Abstract
Motivation
The UK Biobank data holds immense potential for human health research. However, the complex data preparation and interpretation processes often act as barriers for researchers, diverting them from their core research questions.
Results
We developed LUKB, an R Shiny-based web tool that simplifies UK Biobank data preparation by automating these preprocessing tasks. LUKB reduces preprocessing time and integrates functions for initial data exploration, allowing researchers to dedicate more time to their scientific endeavors. Detailed deployment and usage can be found in the Supplementary Data.
Availability and implementation
LUKB is freely available at https://github.com/HaiGenBuShang/LUKB.
1 Introduction
UK Biobank is a treasure trove of medical data, encompassing genetics, proteomics, imaging, and medical records for over 500 000 participants (Sudlow et al. 2015, Miller et al. 2016, Bycroft et al. 2018, Gareth et al. 2024). This wealth of information has facilitated countless medical breakthroughs (Alayo et al. 2023, Dhindsa et al. 2023, Tian et al. 2023, Wang et al. 2024) and continues to fuel new discoveries (Supplementary Fig. S1). As research delves deeper into human health, utilizing UK Biobank data becomes increasingly crucial.

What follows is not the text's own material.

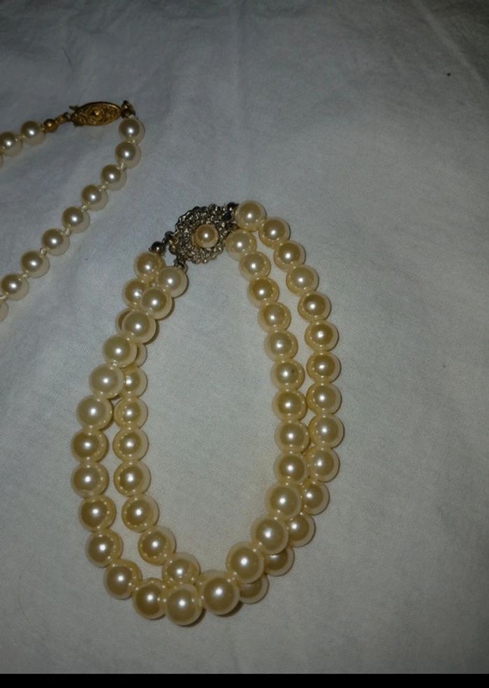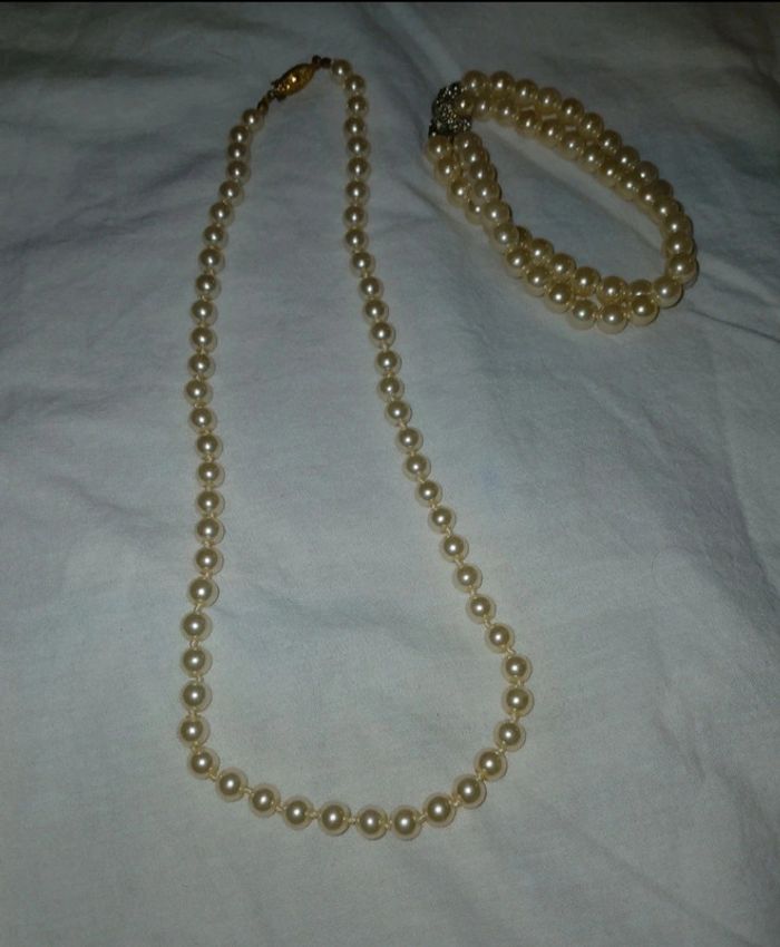 Collier de perle avec fermoir + bracelet de perle avec fermoir Couleur blanc cassé #caisse11jennyjen

However, navigating the vast data within UK Biobank can be challenging, posing obstacles to research speed and efficiency. Processing downloaded encrypted UK Biobank data often involves complex steps, potentially requiring multiple data applications and reprocessing if the data do not meet expectations (Fig. 1A). Although there are tools (Hanscombe et al. 2019, Pividori and Im 2019, Schneider-Luftman and Crum 2019, Kiral et al. 2020) available for dealing with UK Biobank data, they often skip these complicated steps. Moreover, data previews are unavailable before data processing, which might lead to frustration when the downloaded data proves unsuitable. While the UK Biobank Research Analysis Platform (RAP) allows data previewing, preparing and downloading the final data incurs costs, potentially restricting research scope. Despite the gradual transition to RAP, preprocessing steps remain inevitable for previously downloaded data.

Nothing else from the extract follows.